Productivity is often defined as the measure of the output per work hour. It is also shown to be pro-cyclical typically. That means productivity increases during the economic rise and fall (or even declines) in the recession of economy.

A few reasons were forwarded to explain this. A reason states that the capital and labor input are worked harder in rising times rather than in falling times. Another declares that the re-allocation of resources for more productive activities would be faster if the economy grows faster than it slows down.

The exceptions for pro-cyclicality

In 2009, the growth of productivity was believed to fall further in a lot of countries. But there seems to be several exceptions for the procyclicality of labor productivity.

Europe and United States are two examples of experiences that reflect these economic wrinkles. As compared to each other, striking differences are observable between these regions in relation to the growth rates of productivity that they entered the recession with.

For a longer period from 2000 to 2008, labor productivity of the European Union increased at 1.5% against 2% in the USA. (These figures are much lower than the figure of the original EU-15 excluding the new members from Eastern and Central Europe.)

The differences show a more effective use of labor, capital, and other growing sources in the USA. The current productivity advances in the USA have been realized, but through quick layoffs. This suggests that the remaining firms and workers' productivity is actually strengthening.

Productivity growth's traditional rates

During the period before 2008, the Euro showed a very weak productivity growth (less than 1%). It was imputed to the increases of employment which come from a large pool of labor reserve.

In the same period, productivity and output growth rates in the Euro turned negative following traditional patterns which the growth of employment could not adjust to a falling economy in the Europe as quickly as in the USA,

At present, rates of productivity growth in many advanced economies are slowing down below historical structural trends of productivity. They represent the rate that productivity can grow.

Get back to structural growth trends, an improved productivity through investment in new innovation and capital is necessary - not only through cost reduction of current resource base.

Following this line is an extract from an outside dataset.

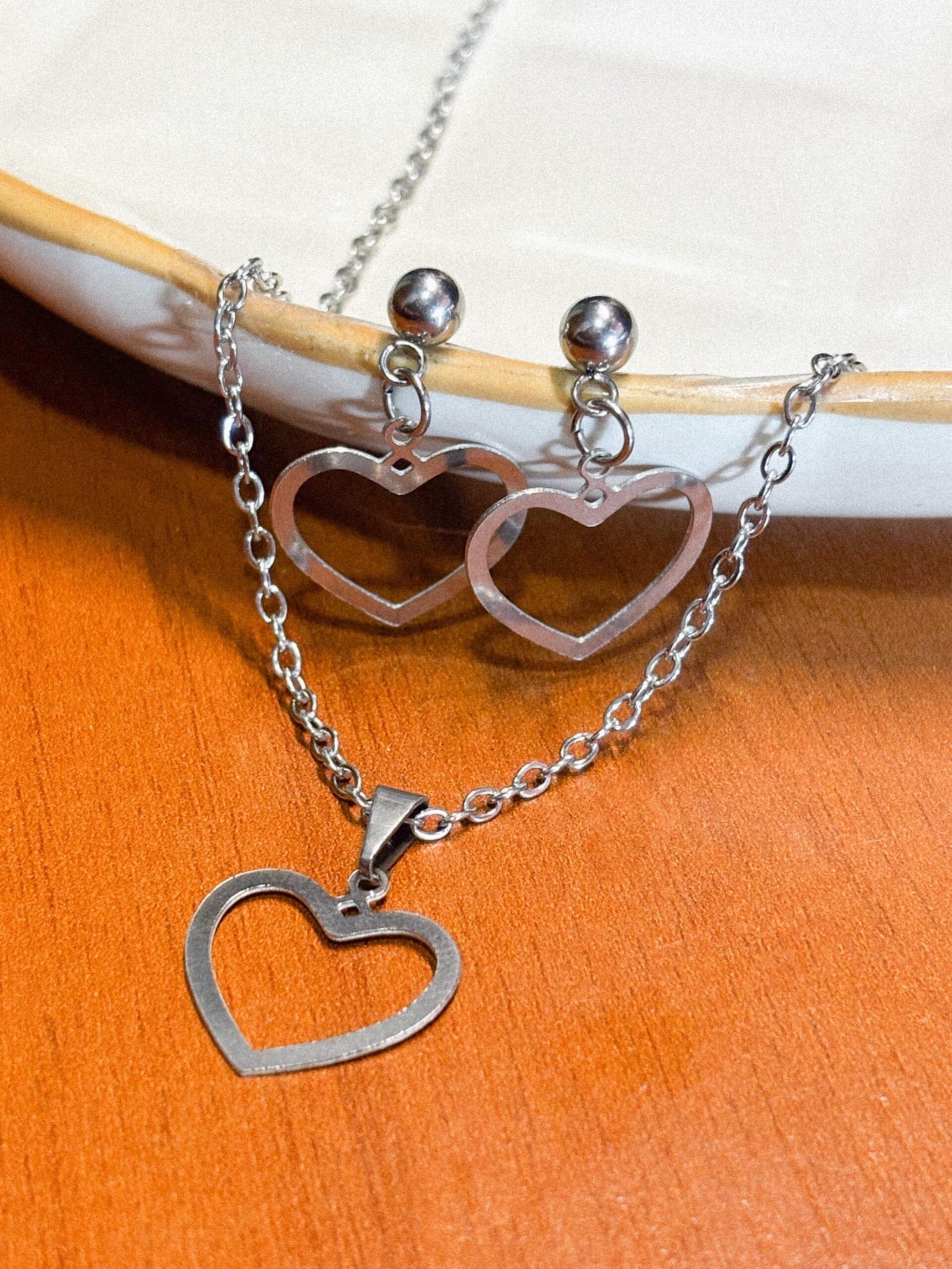 Conjunto moderno e delicado em aço inox, composto por colar e brincos com coração vazado, perfeito para quem gosta de acessórios minimalistas e cheios de estilo. O design vazado traz leveza e um visual romântico, enquanto o aço inox oferece mais resistência e durabilidade para o uso no dia a dia.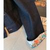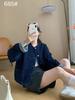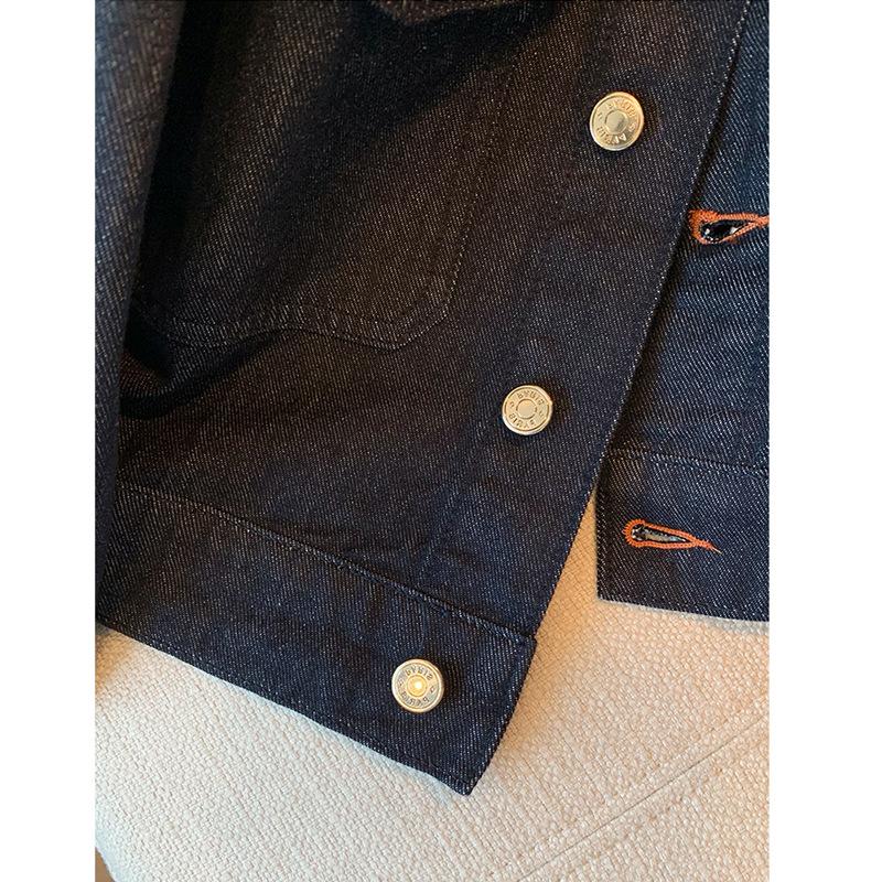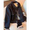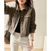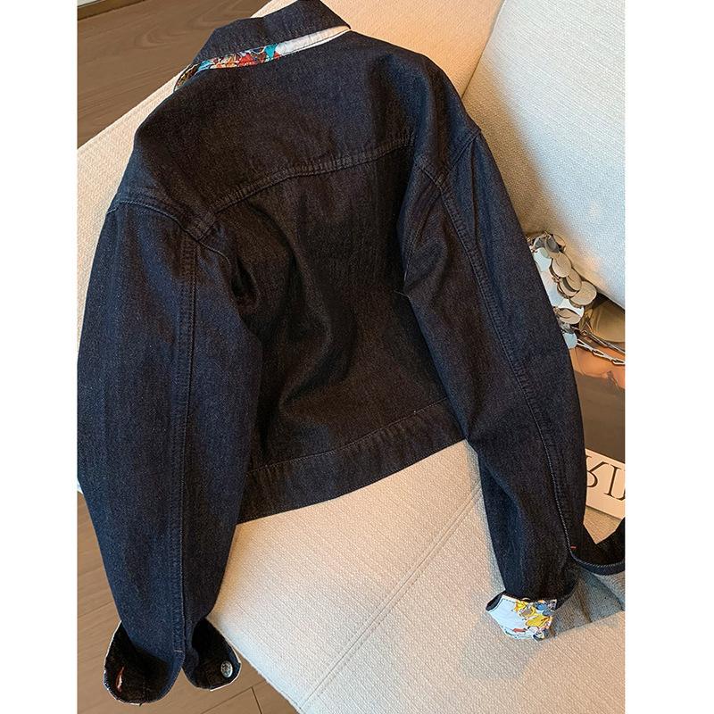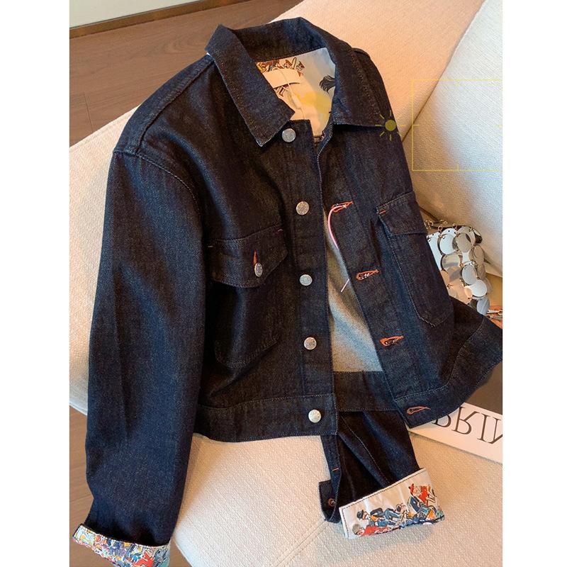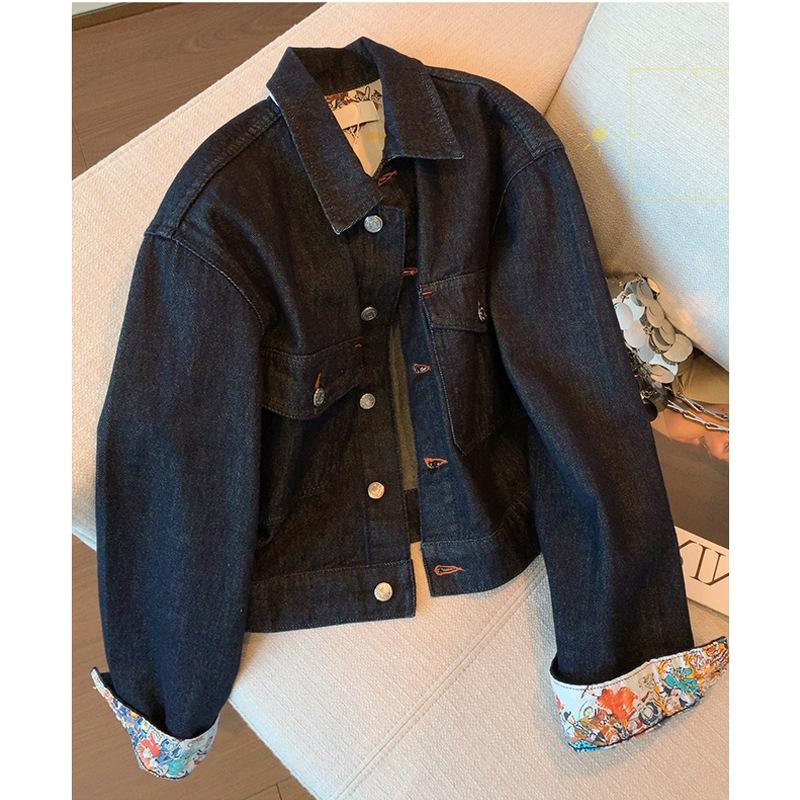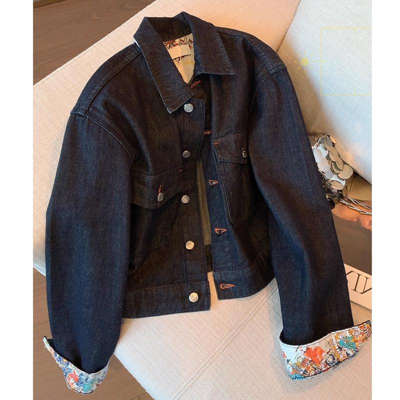 Chaqueta de mezclilla patchwork con estampado azul oscuro para mujer otoño nueva temperamento de alta gama nicho casual chaqueta corta top

It would include investment in innovation and technological change, performance and skill level of the workforce, and all the intangibles of the organization (workplace and management practices, ICT applications, human resource strategies and organizational structure).

All of the given current strained economic climate is the major challenge. This also contains the expectation which high rates of productivity growth imply better efficiency of resources after the environment of economy improves.

In addition, productivity growth would translate into higher levels of output. The higher levels of productivity will additionally reflect the presence of strong resource bases in relation to physical and human capital per worker.

As maintained during the recession, they will provide companies with the means for innovating themselves easily out of the downturn resulting in a greater growth of resurgent productivity.